Many in Korea had a good laugh last week at finding out a few men turned out compete for the "Playboy 2006 Korea Model Contest". However I ask many of your to consider this, is this a sign for things to come for the Playboy franchise in Asia?

I refer to this recent International Herald Tribune article on the release of a new Playboy magazine in India which will not carry the typical bunnies:

In a little-noticed milestone for the world of adult entertainment, Playboy said in December that it would seek to do in India what it had never done before: publish a magazine with its usual fare - except for its name and its nudes. The Indian version of Playboy would be Hugh Hefner meets Henry Ford: You can have any bunny you want, so long as she's clothed.  

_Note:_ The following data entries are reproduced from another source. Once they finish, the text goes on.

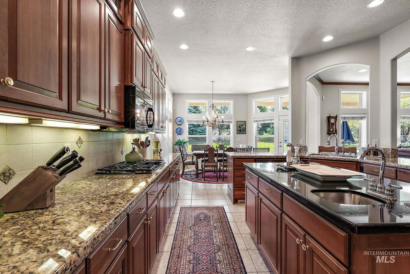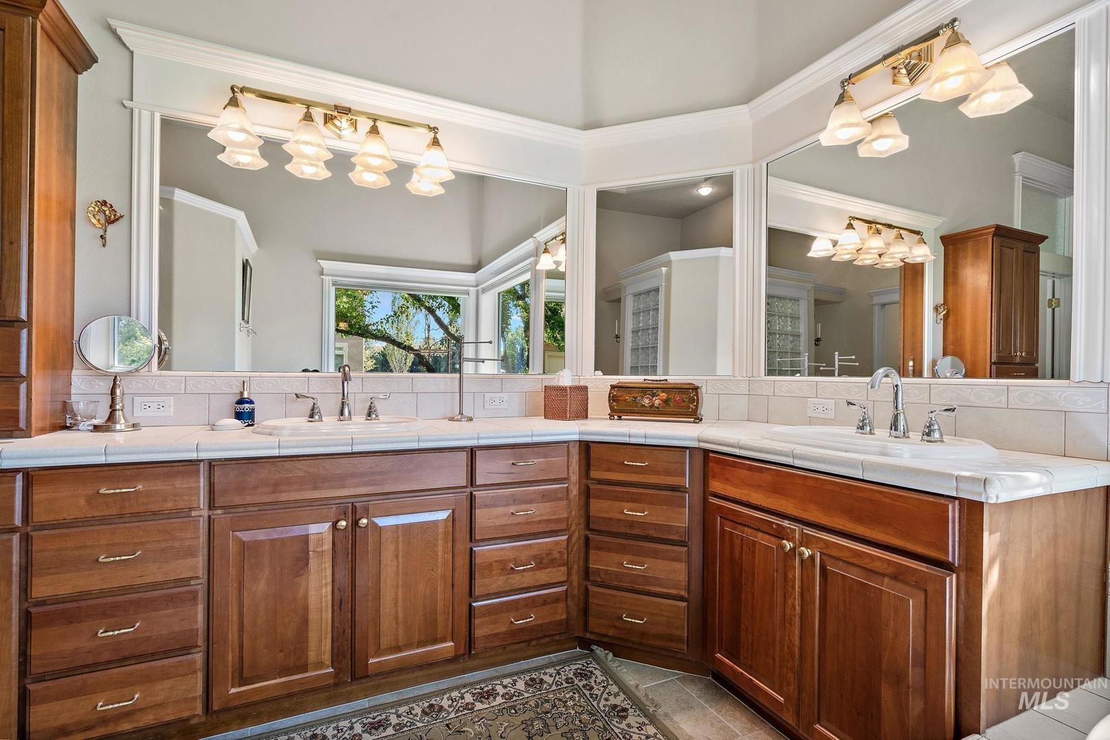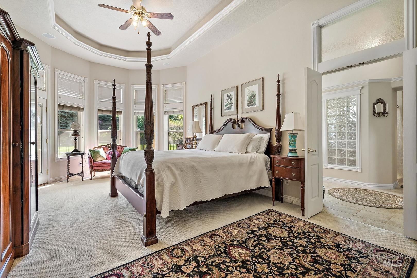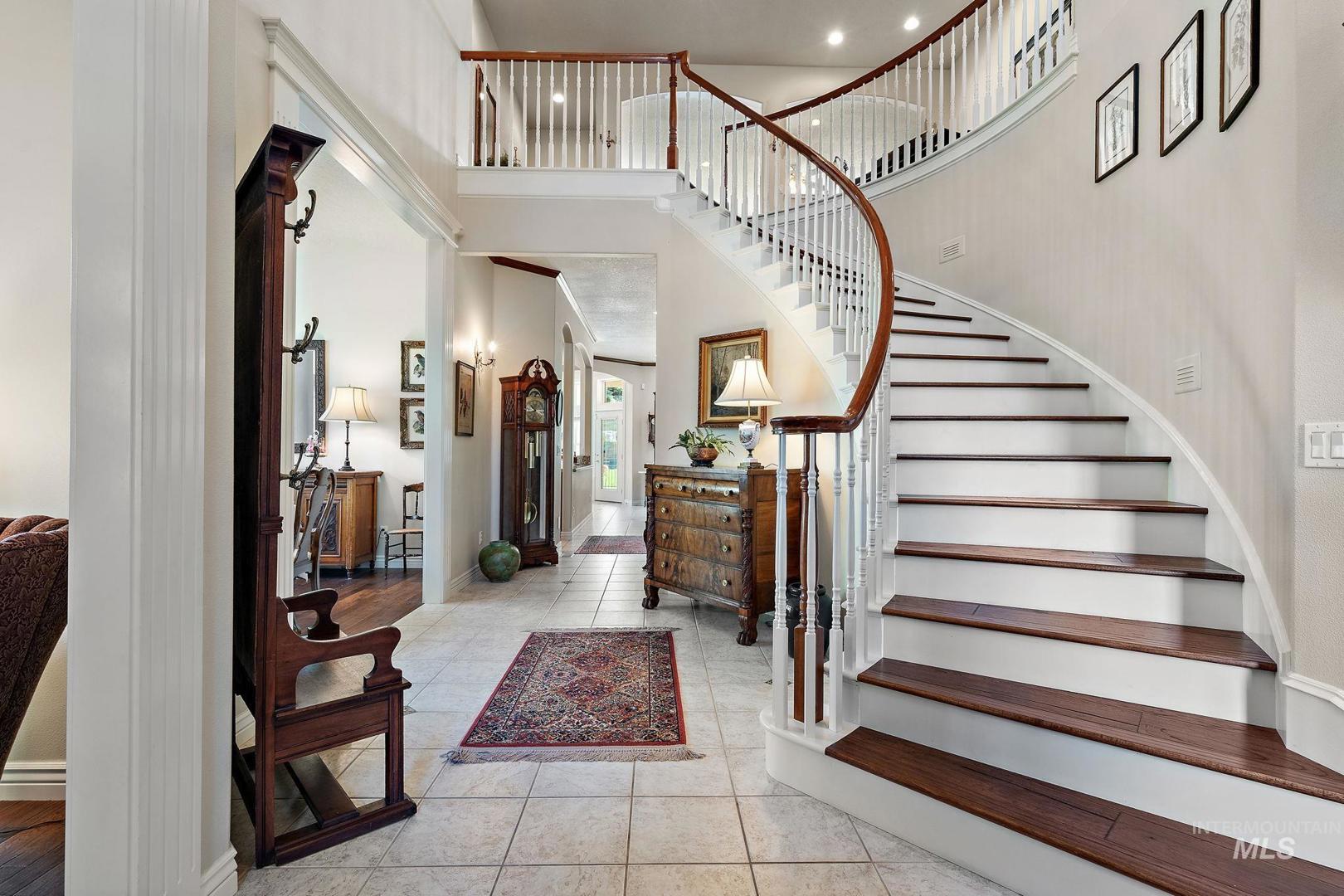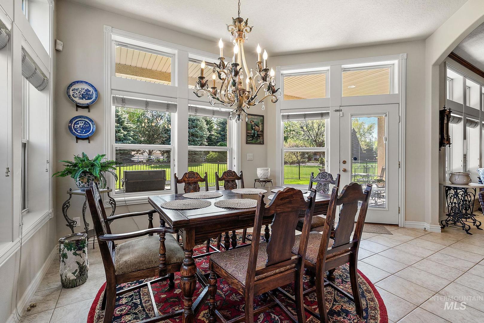 Exceptional one-acre estate in Eagle’s highly desirable Castlebury neighborhood. This stunning home offers 5 bedrooms, 4 baths, and a main-level executive office that could easily serve as a 6th bedroom. The gourmet kitchen boasts a granite island with prep sink and storage, double oven, 5-burner cooktop, and generous pantry, flowing seamlessly into the sun-drenched eating area and formal dining room—perfect for family meals or entertaining. The main-level master suite is a true retreat with a coffered lit ceiling, wine cooler, jetted tub, dual vanity, walk-in shower, wall of windows, and private patio access. Enjoy gatherings in the great room with fireplace and built-in cherry wood wall, host movie nights in the theater room, or relax in the bonus room with wet bar. Outdoor living offers a huge covered patio, mature landscaping, invisible fence, and ample space for a pool or RV bay. Additional highlights include a security system, 1,036 sq. ft. 4-car garage with abundant storage, surround sound throughout, RV parking with 220V hookup, upgraded trim, arched doors, elegant tile, new carpet and hardwood, central vacuum, and abundant natural light. Recently updated with a brand-new 50-year roof in May 2025. Close to the Greenbelt, Costco, and top dining and shopping—this home offers unparalleled luxury, space, and lifestyle in one of Eagle’s most sought after neighborhoods. BTVAI
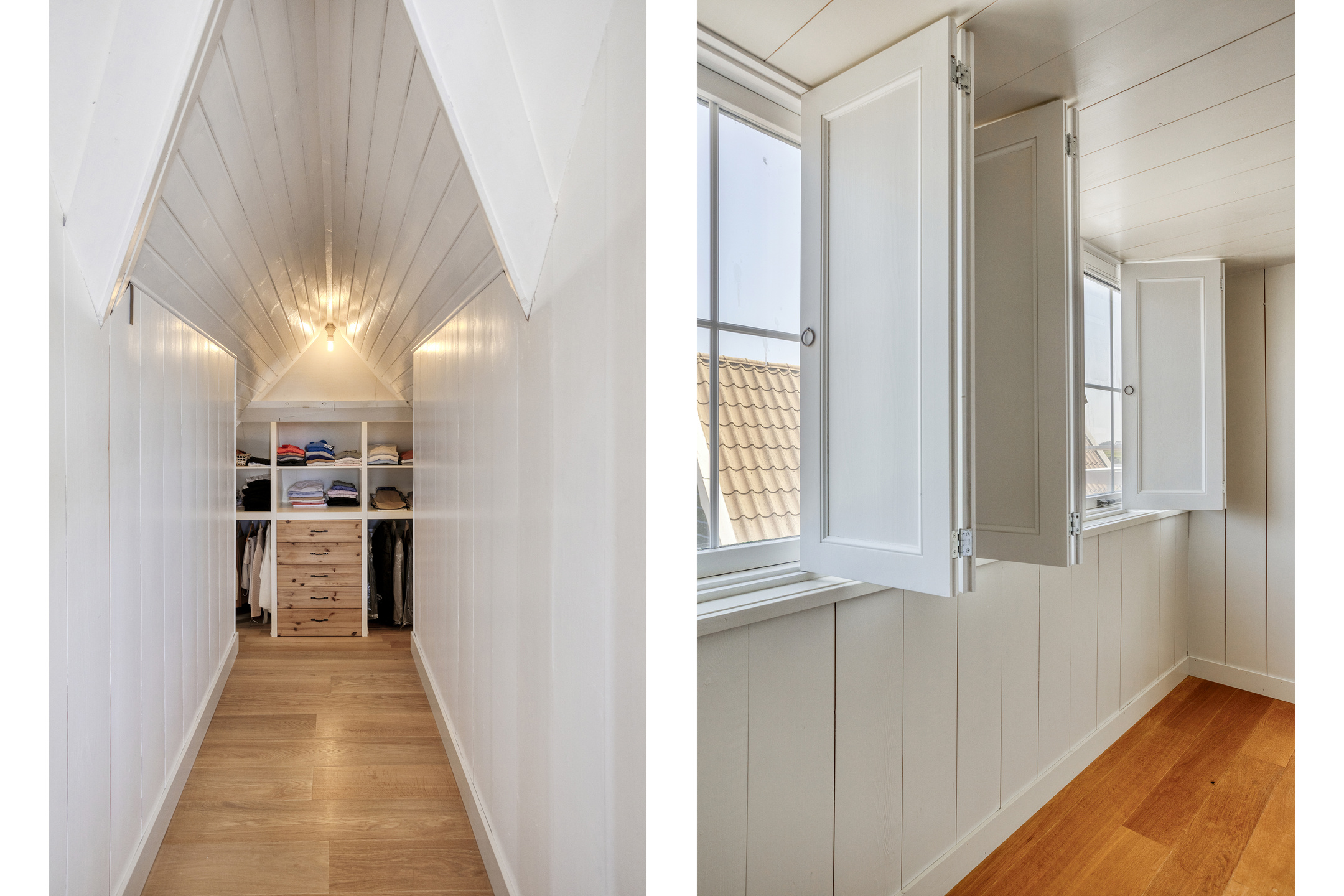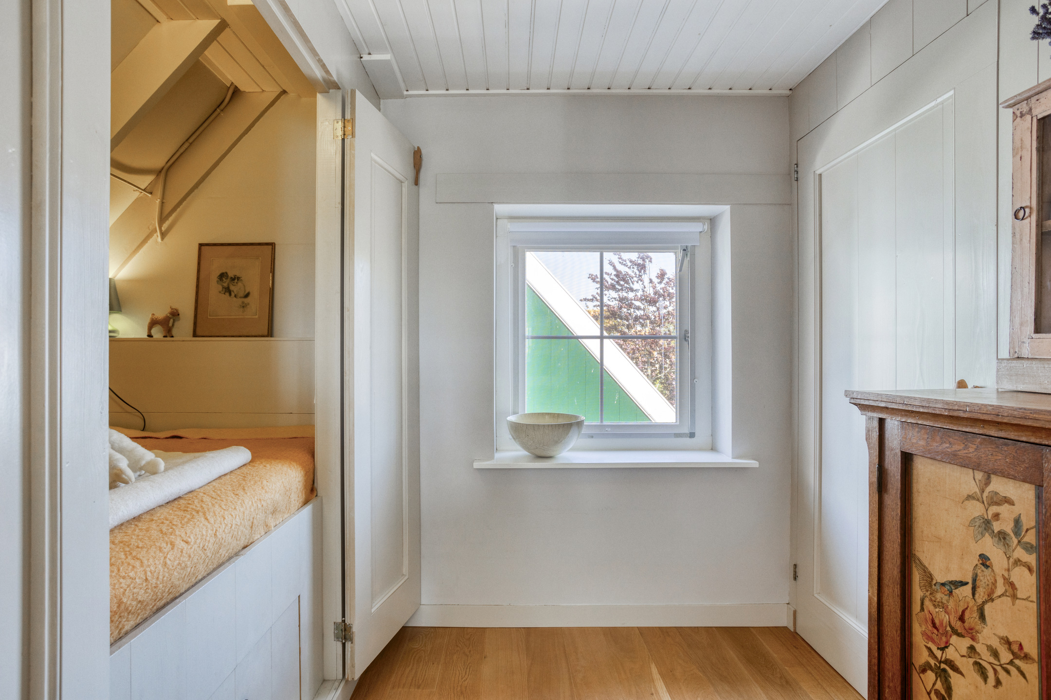 The first floor is divided between the front and rear sections of the house. In the front, you’ll find two spacious bedrooms, each with storage behind the knee walls. In the rear, a wide staircase leads to a charming landing with a built-in box bed—a unique feature sure to appeal to children. From here, you access the spacious master bedroom, which includes built-in wardrobes, a storage loft, and French doors opening onto a large rooftop terrace with panoramic views of the surrounding landscape.
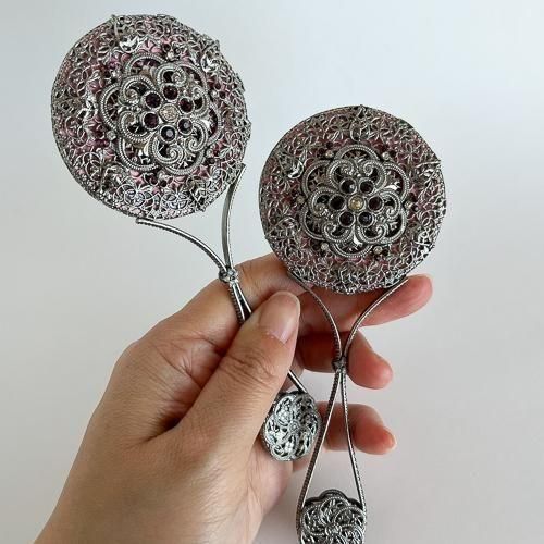 装飾は古くからヤブロネッツで作られているジュエリーと同じ手法で作られており、プレス機で形作られた複数の金属パーツを溶接し組み立て、ひとつひとつガラスストーンをはめ込んで作られています。
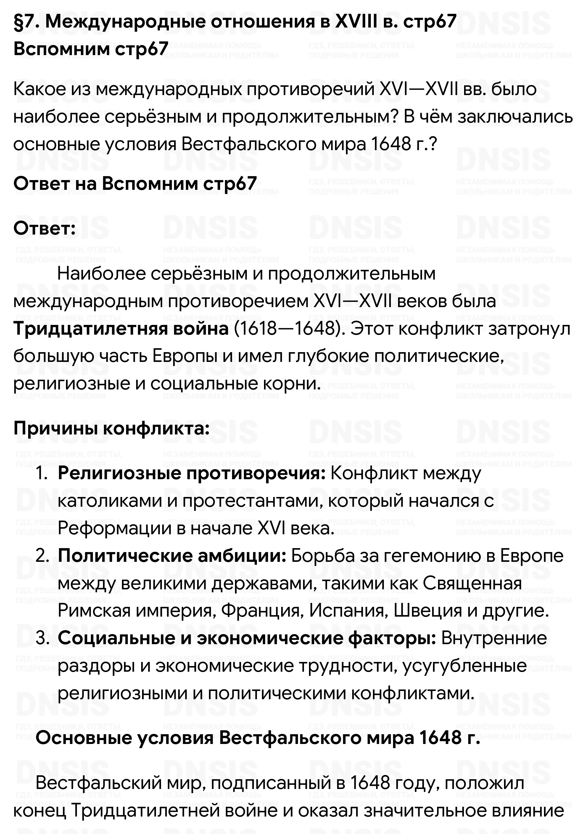 Какое из международных противоречий XVI—XVII вв. было наиболее серьёзным и продолжительным? В чём заключались основные условия Вестфальского мира 1648 г.?
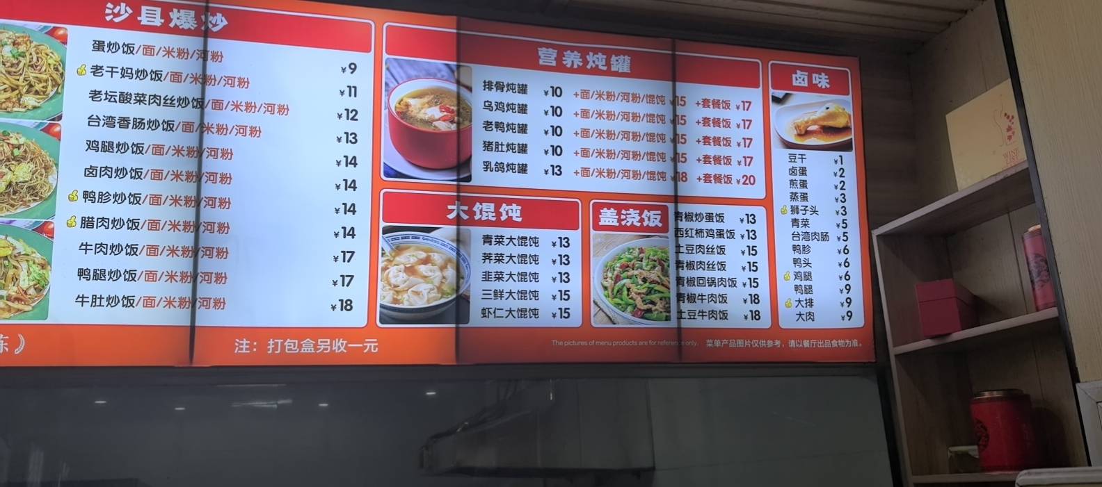 盖浇饭,东西简单。年龄30到45岁工资7500元12小时连班
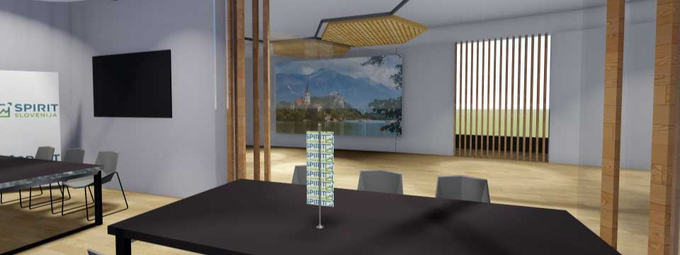 Le pavillon est conçu comme un environnement intelligent qui permettra aux visiteurs de visiter et de découvrir virtuellement l'avenir à l'aide de solutions numériques avancées. C'est à l'intérieur du bâtiment l'accent sur les technologies modernes, murs, sols et plafonds LCD, qui présenteront un système de vitrines et d'installations intelligentes Innovation, savoir et excédents économiques slovènes. Avec une lumière scintillante au rythme des battements de cœur, le pavillon invitera les visiteurs de loin à une expérience holistique unique de la Slovénie avec tous les sens.
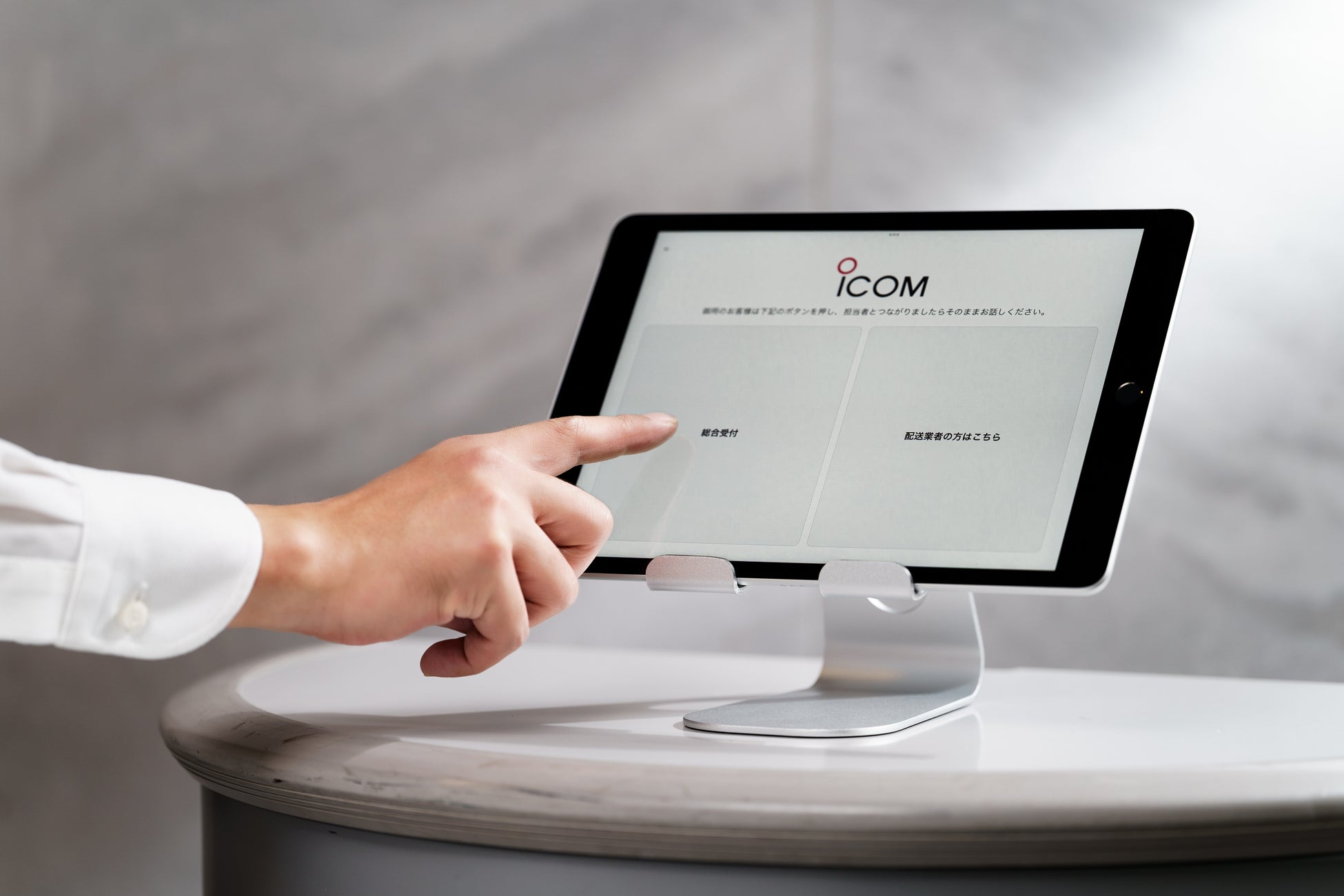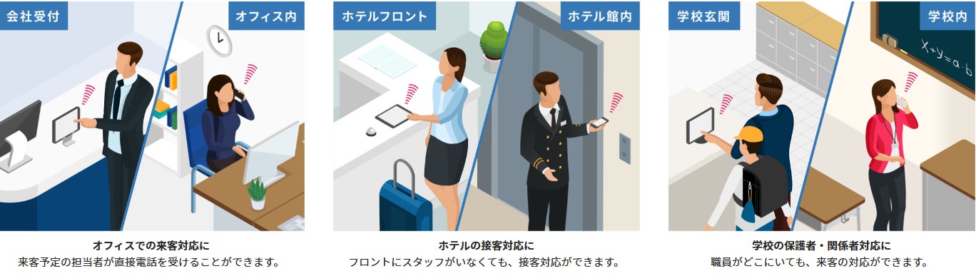 オフィスや、施設などに端末を設置することで、来訪者の受付に対応。受付業務の軽減や業務効率の向上をサポートします。タブレットでの運用が可能で、部署や、担当者など、電話宛先の設定は、ユーザー側で細かくカスタマイズができます。
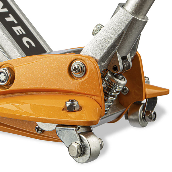 Полнстью функциональный макет домкрата с поворотными колесами размером 20х5 см способен поднимать груз массой до 100 кг.
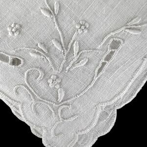 Handkerchief Vintage White Open Work Embroidered Floral Corners Scalloped Edging
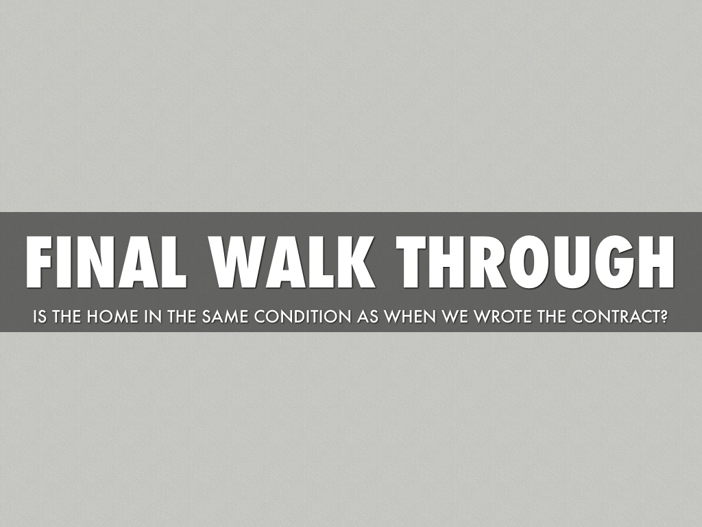 IS THE HOME IN THE SAME CONDITION AS WHEN WE WROTE THE CONTRACT?

"This is quite a departure for us," Christie Hefner, Playboy Enterprises' chief executive, told reporters in December. 

What will the Indian Playboy look like? Ms. "Hef" offers a clue:

Christie Hefner has said the Indian version of the magazine "would be an extension of Playboy that would be focused around the lifestyle, pop culture, celebrity, fashion, sports and interview elements of Playboy." But the magazine would not be "classic Playboy," she warned. "It would not have nudity," she said, "and I don't think it would be called Playboy."

What gets me about the article is this observation and quote in the article:

Among the opportunities India offers Playboy is a chance to return to its gentlemanly roots. India is not only on the brink of a sexual revolution, it is also overflowing with ambition, as a small but burgeoning class of young, urban, world-traveling men, wielding disposable income, seeks to clamber its way toward upper-crust bearing and savvy.  

"Upwardly mobile. Reasonably affluent. He would be a sort of midlevel executive upwards, a man who probably already drives a car," said N. Radhakrishnan, editor of Man's World, the Indian publication that would be a competitor to a watered-down Playboy. 

Now compare that to this statement in the Korean article:

The sponsor said that they have returned the applications of the five men, speculating that they may have interpreted the word "playboy" literally and thought it would be a contest for "playful men."

Is playboy due for re-branding in Korea on par with there Indian counterpart? Will other countries in Asia follow? It seems like there may be a market for a new "Playboy".